Source data
---+---
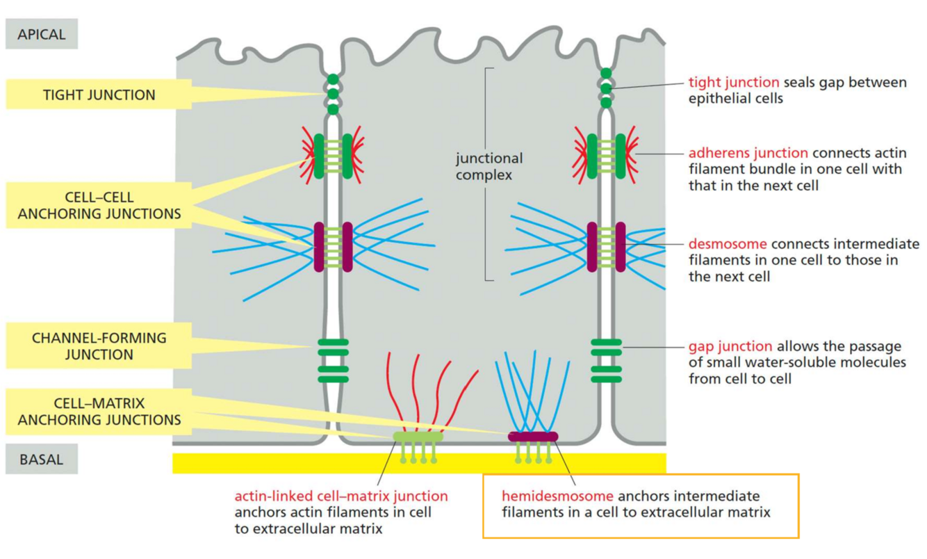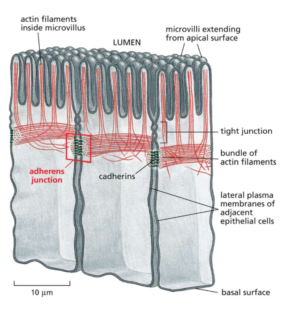 cytoskeleton-linked junctions bind epithelial cells to each other
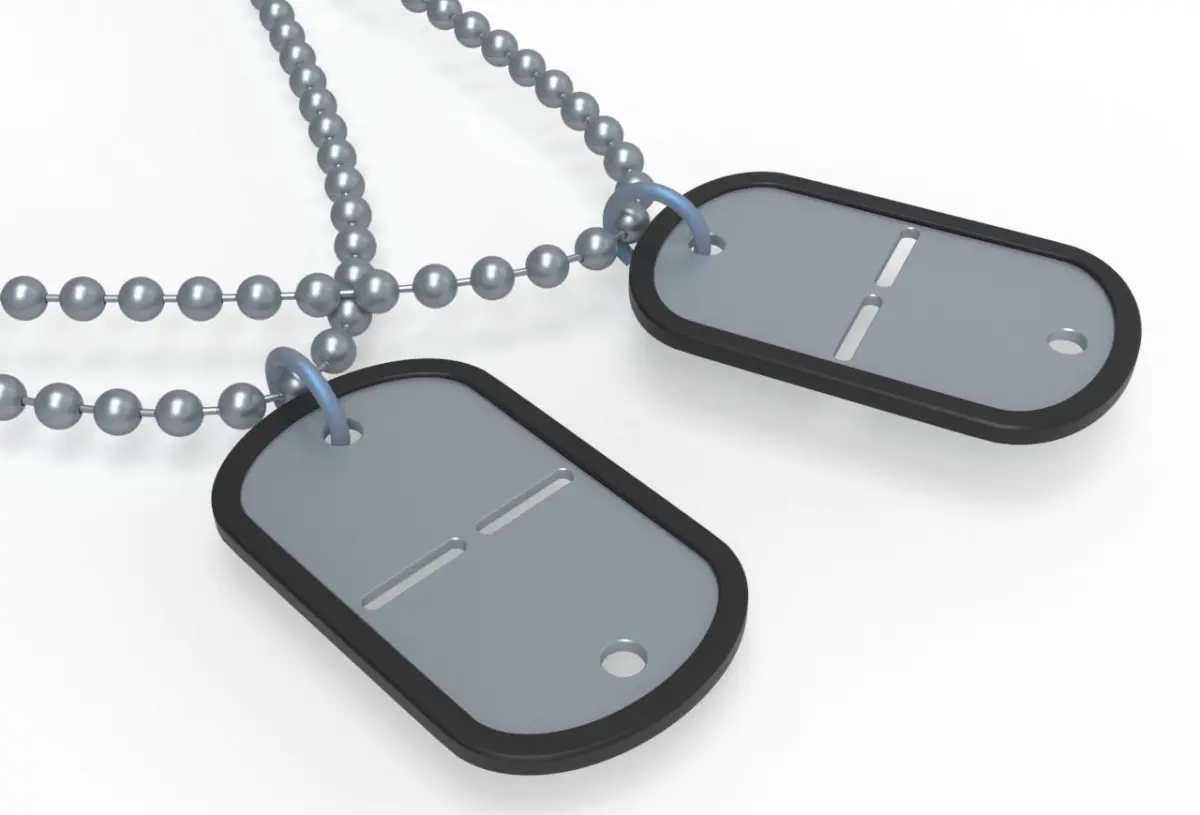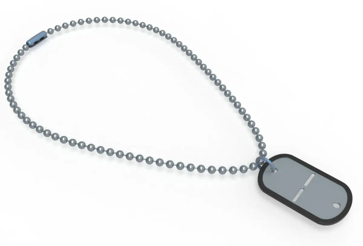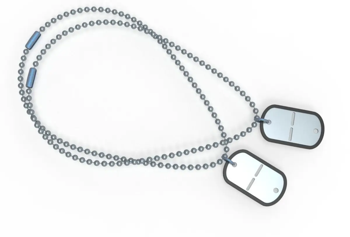 Dog tags -Dog tags on a ball chain High quality 3D model l. The model was originally modeled in Maya 2018 rendered in keyshot (with standard keyshot material). The high-quality polygonal model included detailed enough for close-up renders High-quality polygonal model is smooth enabled, good for vector rendering. No special plugin needed The presentation images were rendered in MAYA and keyshot -OBJ low poly and HI poly-mb-keyshot file-FBX
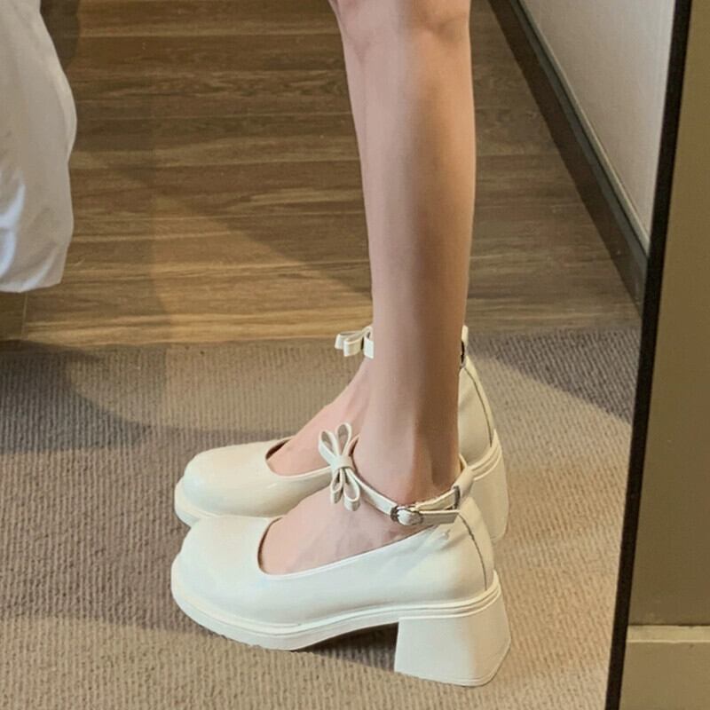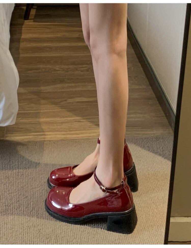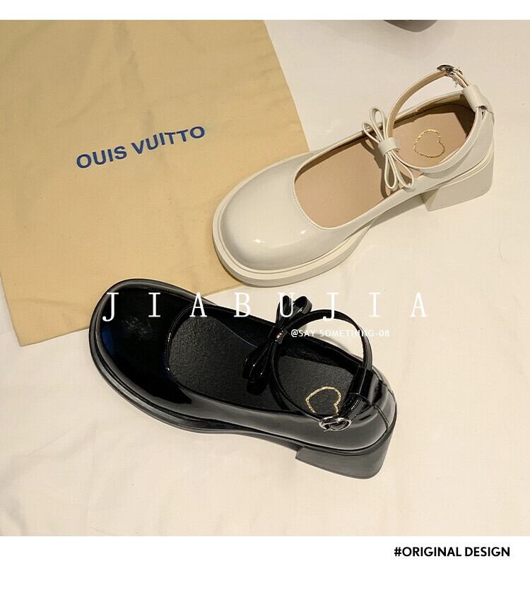 Jia Bufake メリージェーンの靴の女性の 2024 春レトロな甘い多用途の小さな厚いヒールの小さな革の靴 シューズ 大人ガーリー スウィート キュート カジュアル スプリング 春物 レザー jxjxf14762534871
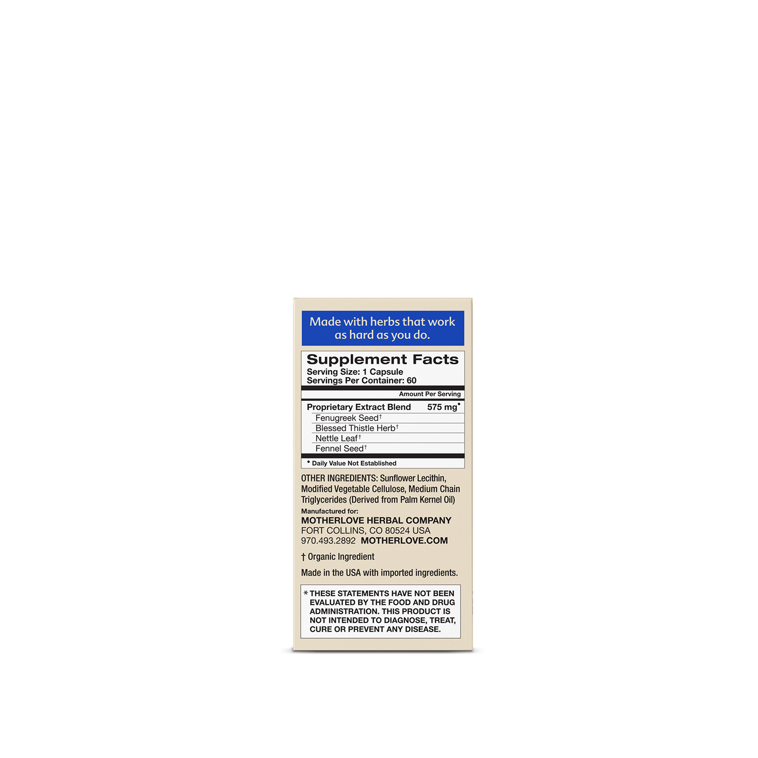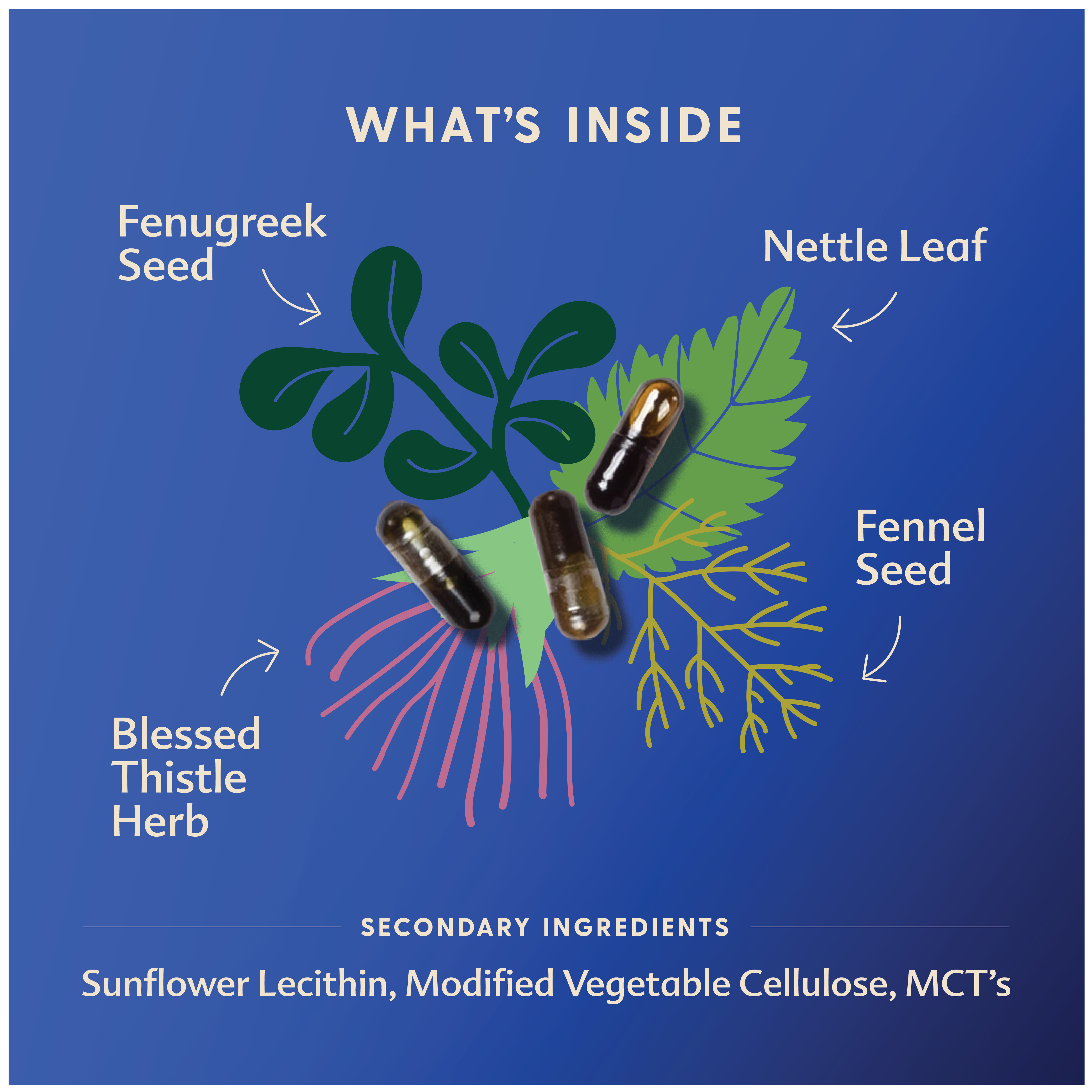 Fenugreek seed*, blessed thistle herb*, nettle leaf*, fennel seed*, sunflower lecithin, modified vegetable cellulose, medium-chain triglycerides (derived from palm kernel oil). Note: *organic ingredients
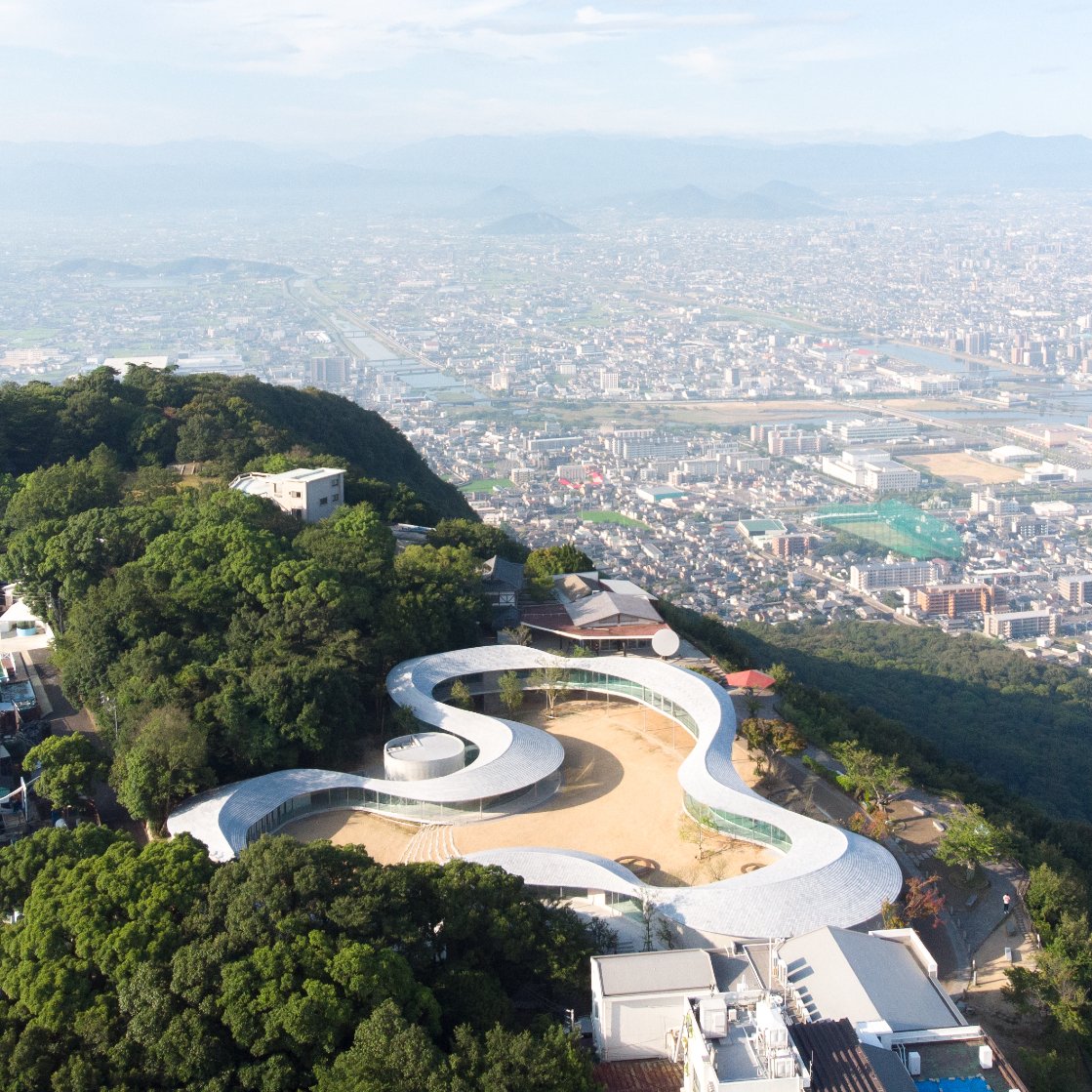 設計を手がけたのは、著名建築家を輩出しているSANAA(サナア)出身の周防貴之。最優秀者に選出されたプロポーザルコンペで提案したのは、周辺環境との関係を重視し、場所の魅力を最大化する“地形のような建築”だ。全長200mにおよぶガラス張りのスロープが大小6つの屋外広場を縫うように配置され、それらが展望スペースや展示室、多目的ホール、カフェなどの用途に合わせて大きく膨らんだり狭まったりしながら、高低差のある地形に沿うように立体的につながっている。ガラス張りの遊歩道のような空間をたどれば、周囲の自然や瀬戸内に浮かぶ島々などの風景と出合い、建築を通してこの地域の魅力を再発見することができる。
---+---
- YOUR OBJECTIVE
Output the span from the line with "Jia Bufake メリージェーンの靴の女性の" through the last line of the data, inclusive and exact, and omit every picture.

- WRITTEN RESPONSE
 Jia Bufake メリージェーンの靴の女性の 2024 春レトロな甘い多用途の小さな厚いヒールの小さな革の靴 シューズ 大人ガーリー スウィート キュート カジュアル スプリング 春物 レザー jxjxf14762534871
 Fenugreek seed*, blessed thistle herb*, nettle leaf*, fennel seed*, sunflower lecithin, modified vegetable cellulose, medium-chain triglycerides (derived from palm kernel oil). Note: *organic ingredients
 設計を手がけたのは、著名建築家を輩出しているSANAA(サナア)出身の周防貴之。最優秀者に選出されたプロポーザルコンペで提案したのは、周辺環境との関係を重視し、場所の魅力を最大化する“地形のような建築”だ。全長200mにおよぶガラス張りのスロープが大小6つの屋外広場を縫うように配置され、それらが展望スペースや展示室、多目的ホール、カフェなどの用途に合わせて大きく膨らんだり狭まったりしながら、高低差のある地形に沿うように立体的につながっている。ガラス張りの遊歩道のような空間をたどれば、周囲の自然や瀬戸内に浮かぶ島々などの風景と出合い、建築を通してこの地域の魅力を再発見することができる。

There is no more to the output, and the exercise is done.